== Exercise objective ==
An exact reproduction of the listing is wanted, with the pictures dropped.

== Data segment ==
=======
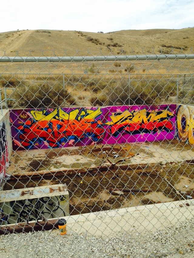 Here’s a quick session from Style and I. I was able to put some of my newly acquired Evolve Paint to use on some thirsty raw concrete here. Colors still came out as bright as ever. We didn’t want to be hanging around here for too long so we did our thing and bounced. I like the contrast of the pieces against dull tan and brown landscape here. Keep your eye out for my review on the new formula Evolve paint. Peace… until next time.
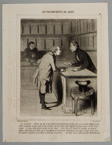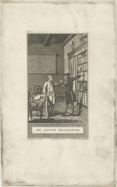 This anonymous print, titled "Auteur biedt een boekhandelaar zijn manuscript aan," presents an author offering his manuscript to a bookseller. The scene is set in a bookshop, likely in France, given the French inscription, during a period when the print medium was a dominant force in shaping public opinion and cultural values. The image creates meaning through the visual codes of dress and setting, referencing the social hierarchy of the time. The author, in a somewhat shabby coat, offers his work, while the bookseller, more formally dressed, seems skeptical. This interaction reflects the changing role of the author in society and the increasing commercialization of literary production. The print may critique the power dynamics within the literary marketplace. An art historian might investigate this image through archival research into the publishing industry of the time, considering the economics of authorship, the role of literary salons, and the evolving status of writers in society. Studying this print allows us to reflect on the social conditions that shape artistic production and how art can comment on the structures of its time.
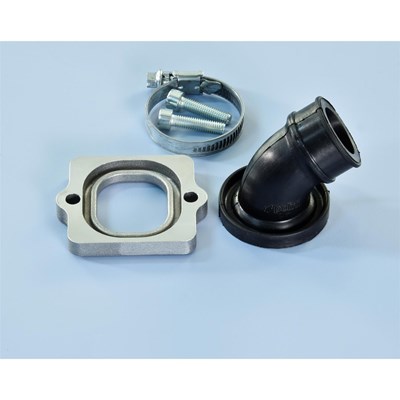 Der 360° ist ein modularer Ansaugstutzen von POLINI. Dank des zweigeteilten Systems aus Ansauggummi und Grundplatte, ist dieser 360° drehbar und erlaubt verschiedene Stellungen des Vergasers. Das System ist simpel: Der gewinkelte Verbindungsgummi wird in eine Nut in der Aluminiumgrundplatte gesteckt. Durch die individuelle Positionierung des Verbindungsgummis wird der Anschlusswinkel selbst bestimmt und ermöglicht die Verwendung von großen Vergasern an engen Stellen. Fixiert wird der Ansauggummi durch die Verschraubung der Grundplatte am SIP TIPP: Ansauggummi vorher in warmes Wasser einlegen. Macht den Gummi elastisch und den Einbau wesentlich einfacher.
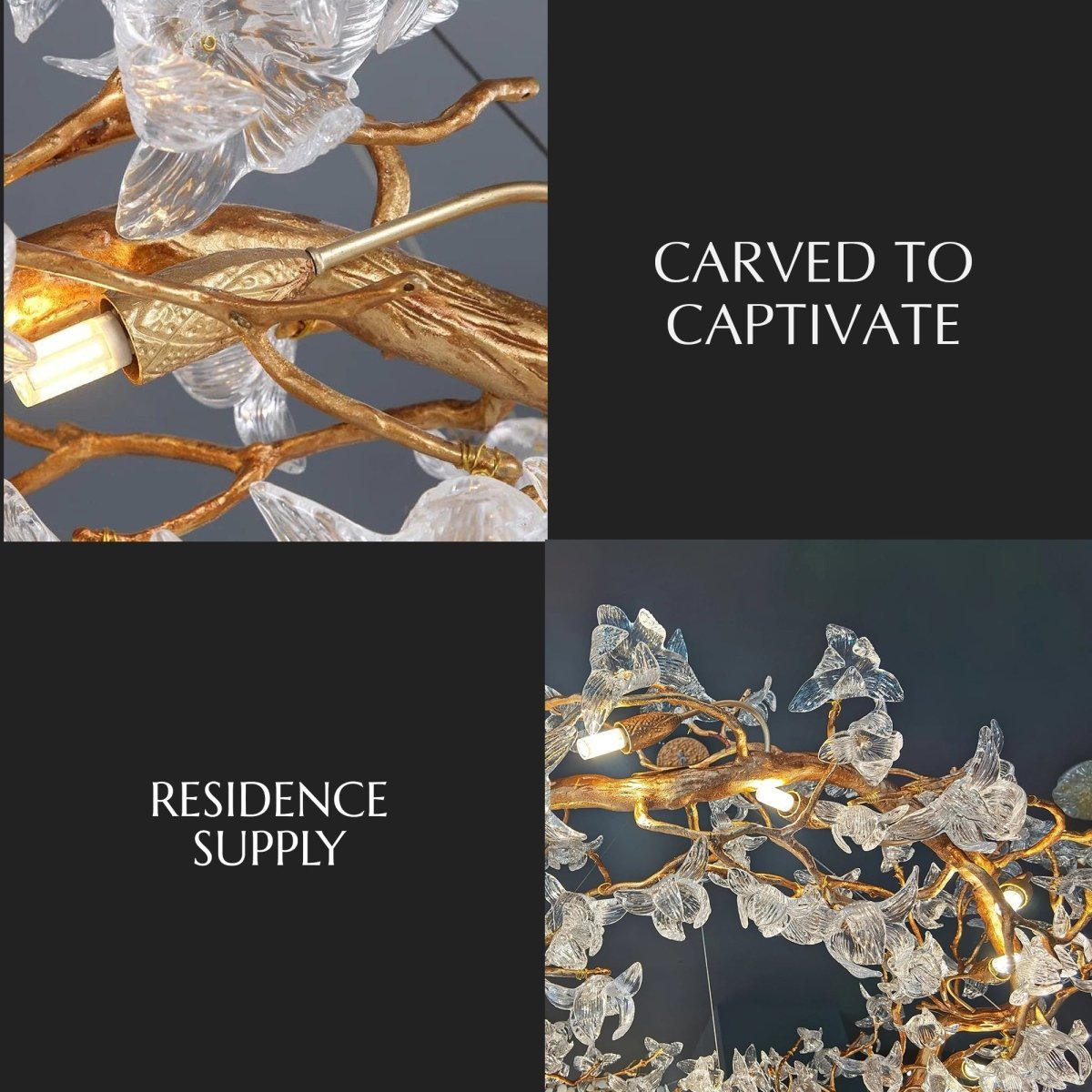 - Crafted with crystal-adorned brass, it reflects luxury and sophistication in its material and design.
=======
== Response ==
 Here’s a quick session from Style and I. I was able to put some of my newly acquired Evolve Paint to use on some thirsty raw concrete here. Colors still came out as bright as ever. We didn’t want to be hanging around here for too long so we did our thing and bounced. I like the contrast of the pieces against dull tan and brown landscape here. Keep your eye out for my review on the new formula Evolve paint. Peace… until next time.
 This anonymous print, titled "Auteur biedt een boekhandelaar zijn manuscript aan," presents an author offering his manuscript to a bookseller. The scene is set in a bookshop, likely in France, given the French inscription, during a period when the print medium was a dominant force in shaping public opinion and cultural values. The image creates meaning through the visual codes of dress and setting, referencing the social hierarchy of the time. The author, in a somewhat shabby coat, offers his work, while the bookseller, more formally dressed, seems skeptical. This interaction reflects the changing role of the author in society and the increasing commercialization of literary production. The print may critique the power dynamics within the literary marketplace. An art historian might investigate this image through archival research into the publishing industry of the time, considering the economics of authorship, the role of literary salons, and the evolving status of writers in society. Studying this print allows us to reflect on the social conditions that shape artistic production and how art can comment on the structures of its time.
 Der 360° ist ein modularer Ansaugstutzen von POLINI. Dank des zweigeteilten Systems aus Ansauggummi und Grundplatte, ist dieser 360° drehbar und erlaubt verschiedene Stellungen des Vergasers. Das System ist simpel: Der gewinkelte Verbindungsgummi wird in eine Nut in der Aluminiumgrundplatte gesteckt. Durch die individuelle Positionierung des Verbindungsgummis wird der Anschlusswinkel selbst bestimmt und ermöglicht die Verwendung von großen Vergasern an engen Stellen. Fixiert wird der Ansauggummi durch die Verschraubung der Grundplatte am SIP TIPP: Ansauggummi vorher in warmes Wasser einlegen. Macht den Gummi elastisch und den Einbau wesentlich einfacher.
 - Crafted with crystal-adorned brass, it reflects luxury and sophistication in its material and design.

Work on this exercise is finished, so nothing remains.